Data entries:

____________________

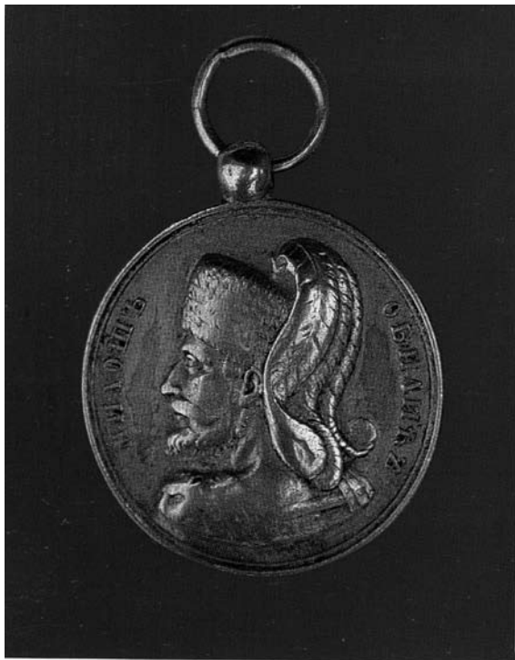
Medalja za hrabrost Miloš Obilić 1847.
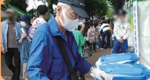
郷土芸能まつりの清掃作業
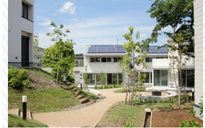
MINA GARDEN 十日市場 (平成24年竣工)
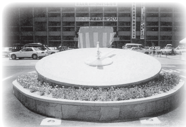
1989年 今治市役所前に設置された花時計
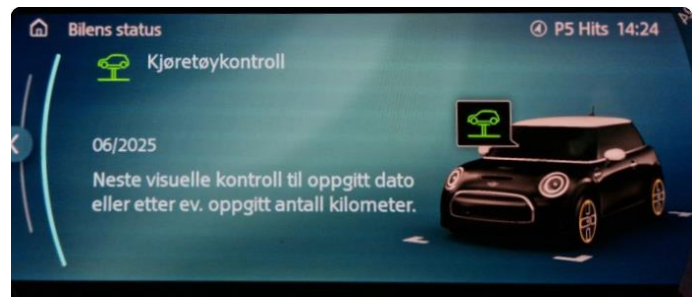
2.1 Neste service 06/2025
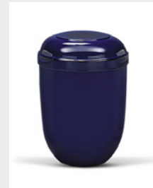
Standard (U3) Naturstoff - blau
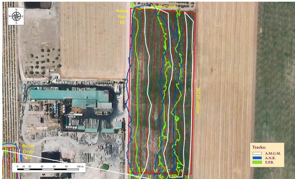
Fig. 4. Recorridos realizados por los prospectores en las “Balsas Oeste III” ( tracks ).

Además, para elaborar la planimetría hemos creado un Sistema de Información Geográfica (S.I.G.) específico mediante el programa de ESRI ArcGIS 10.5, empleando para ello cartografía específica del Centro Nacional de Información Geográfica, del Instituto Geográfico Nacional (Ministerio de Fomento), georreferenciada con el datum “ETRS 89”, Huso 30 N, disponible en el “Centro de Descargas” del CNIG y la “Fototeca Digital” de la Junta de Andalucía.
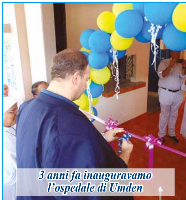
3 anni fa inauguravamo l'ospedale di Umden
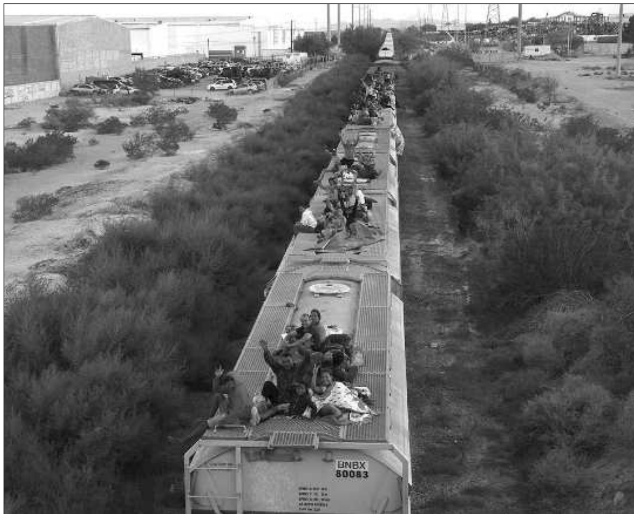
▲ Cuestionado sobre la decisión de Grupo México, el presidente Andrés Manuel López Obrador consideró que era positivo que se detuvieran los trenes para proteger a los migrantes, refiriendo que también su gobierno está trabajando en el tema.

Sin embargo, consideró que era positivo que se detuvieran los trenes para proteger a los migrantes, refiriendo que también su gobierno está trabajando en el tema migratorio.
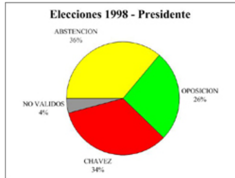
Figura 1. Elecciones Presidencia de la República de Venezuela. Elaborado con datos tomados de las actas del Consejo Nacional Electoral, Caracas, 1998.

____________________

- _Work instructions_:
Repeat exactly and only the lines from the one holding "3 anni fa inauguravamo l'ospedale di Umden" through the final line of the entries; no pictures.

- _Output for this exercise_:
3 anni fa inauguravamo l'ospedale di Umden
▲ Cuestionado sobre la decisión de Grupo México, el presidente Andrés Manuel López Obrador consideró que era positivo que se detuvieran los trenes para proteger a los migrantes, refiriendo que también su gobierno está trabajando en el tema.

Sin embargo, consideró que era positivo que se detuvieran los trenes para proteger a los migrantes, refiriendo que también su gobierno está trabajando en el tema migratorio.
Figura 1. Elecciones Presidencia de la República de Venezuela. Elaborado con datos tomados de las actas del Consejo Nacional Electoral, Caracas, 1998.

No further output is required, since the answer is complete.